Arizona Tracks to Lobby to Seek VLTs

One Thoroughbred race track and three Greyhound race tracks have joined forces to lobby the Arizona Legislature to install video lottery terminals in the their facilities. The group comprises of Turf Paradise, a Thoroughbred track in Phoenix, Tucson Greyhound Park, and American Greyhound Racing, the company that owns both Apache Greyhound Park and Phoenix Greyhound Park.

The newly formed group, named the Arizona Racetrack Association, has been formed to help the horse and greyhound tracks compete against the state's 19 Indian casinos in the state for the gaming dollar. Their goal will be for the installation of VLTs at their facilities.

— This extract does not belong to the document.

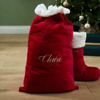 Personalised Embroidered Name Red Velvet Christmas Sack

If successful, it would be the first form of gaming other than pari-mutuel wagering in Arizona that is not on an Indian reservation.

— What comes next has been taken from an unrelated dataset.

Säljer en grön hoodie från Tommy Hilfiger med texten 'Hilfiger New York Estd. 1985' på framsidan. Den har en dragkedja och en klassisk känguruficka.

A proponent of the group is the Arizona Thoroughbred Breeders Association. "We're strong supporters of the ARA," said ATBA president Frank Covello. "Our goal is for the Legislature to put an issue on the ballot to allow us to have VLTs."

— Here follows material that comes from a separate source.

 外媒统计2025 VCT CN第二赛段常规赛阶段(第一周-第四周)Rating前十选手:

According to Covello, the best chance of passage would be for the initiative to be handled by state referendum, not an individual bill. Gov. Jane Hull would have veto power over a VLT bill and is on the record as being against any form of expanded gaming in the state.

The Arizona Department of Racing is neutral on any position on expanded gaming said the ADOR's Wade Turner. According to department figures, $61 million was generated at all Arizona pari-mutuel tracks in fiscal 2001, up from $58 million the year before. While those figures are "less the return to the general public and less taxes to the state," Turner noted those figures did not include purse payments and expenses to run the facilities. In fiscal 2001, Arizona Thoroughbred and Greyhound tracks paid out $23.6 million in purses.

Two lobbyists have been hired by the ATBA: former state representative Jim Skelly, and Elaine Arena. They will have their first formal meeting with a group that will meet with the Legislature on Friday.

"It's going to be a war," Covello said. "But I'm guardedly optimistic."